Deswegen ist für den Naturschutzbund NABU Leipzig der „Platz der Friedlichen Revolution“ tatsächlich der „Platz der Biologischen Vielfalt“.

In ehrenamtlicher Freizeitarbeit hat der NABU Leipzig den Platz und seine Wildnis intensiv unter die Lupe genommen. Dabei wurde festgestellt, dass die Artenvielfalt bei den Brutvögeln auf diesem Areal in der Innenstadt größer ist als auf vergleichbaren Flächen. Auf einer Untersuchungsfläche von 3 Hektar fand der NABU 16 Brutvogelarten. Zum Vergleich: Im Clara-Zetkin-Park hat der NABU Leipzig aktuell 40 Hektar untersucht. Auf diesem Areal gibt es jedoch keine 3 Hektar große Fläche mit der gleichen Brutvogelvielfalt.

Die Biodiversität beschränkt sich aber nicht nur auf die Brutvögel, stellt der NABU fest, der Wildwuchs auf dem Gelände ist auch Heimat für andere Tierarten, die hier einen Rückzugsort in der Stadt finden, Versteck- und Nistmöglichkeiten oder auch Nahrung. Das sei umso wichtiger, je mehr die umliegenden Lebensräume verloren gehen.
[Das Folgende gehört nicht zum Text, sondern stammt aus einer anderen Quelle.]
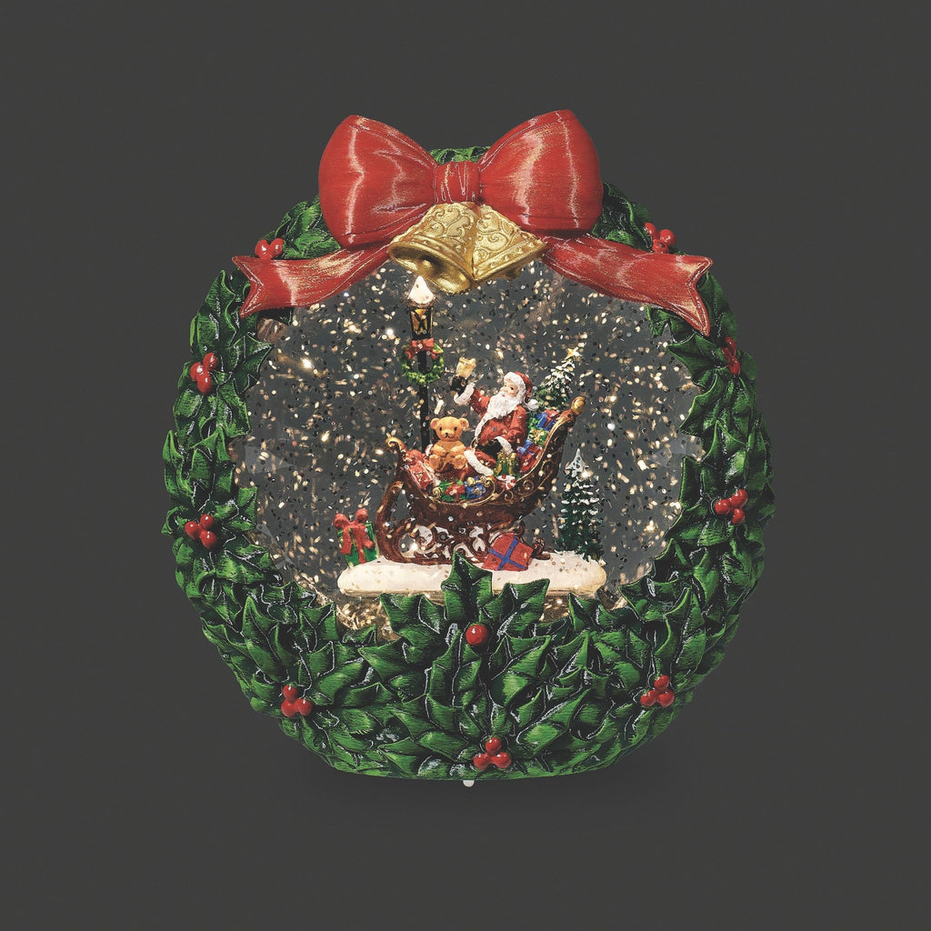 This lighted swirl wreath features Santa riding in his sleigh beneath a classic lamppost, surrounded by festive greenery and a red bow accent. Continuous swirling glitter creates the look of gently falling snow, illuminated by warm white light for added depth and sparkle. The detailed holly leaves and gold bell enhance its traditional Christmas charm.
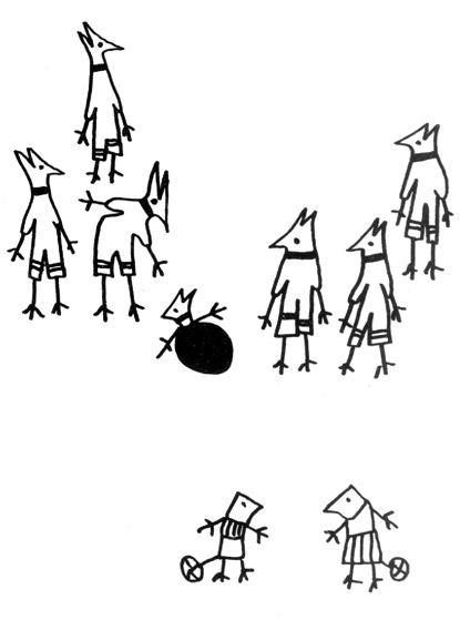 Двамата с Врабка опитаха да си направят гнездо, Гаврош дори донесе две пръчки и ги кръстоса, но Врабка изпадна в скука, гледаше тя меланхолично двете пръчки, омърлуши се и рокличката й стана още покъса. За да разсее нейната печал, Гаврош я поведе към млечния бар. Те се появиха отново след седмица, и двамата носеха по една опитомена сламка под мишница, и заявиха на ятото, че няма да строят никакво гнездо, защото да седнат да правят гнездо в това цивилизовано време, ще рече, че искат да се връщат назад в старовремските работи. Оу! -- рече печално Врабка. Те си отнесоха сламките към млечния бар в града, а ние продължихме своята работа.

Denn über das Verschwinden vieler begrünter Brachen, die jahrzehntelang in der Stadt zu finden waren, haben wir ja schon mehrfach geschrieben. Leipzigs Stadtverwaltung zuckt dann nur amtlich die Schultern – eine Strategie, den Verlust solcher Biotop-Inseln zu kompensieren, hat sie nicht.

Noch umgeben von wildem Grün: die Markthallenstraße am Wilhelm-Leuschner-Platz. Foto: Ralf Julke

Noch umgeben von wildem Grün: die Markthallenstraße am Wilhelm-Leuschner-Platz. Foto: Ralf Julke

So wurde beispielsweise die Grünfläche vor dem Europahaus umgestaltet, sämtliche Sträucher wurden gerodet, obwohl gerade sie besonders wertvolle Lebensstätten waren, zum Beispiel für Haussperling und Amsel, kritisiert der NABU. Der Bestand dieser Vögel sinkt im gesamten Stadtgebiet, wo sie noch vor Kurzem allgegenwärtig waren, sucht man sie schon heute oft vergebens. Der NABU sieht eine Ursache für den Negativtrend in rücksichtslosen Baumaßnahmen, denen mehr und mehr Stadtnatur geopfert wird, ohne dass ausreichend Ersatz geschaffen wird, was aber eigentlich gesetzlich vorgeschrieben ist.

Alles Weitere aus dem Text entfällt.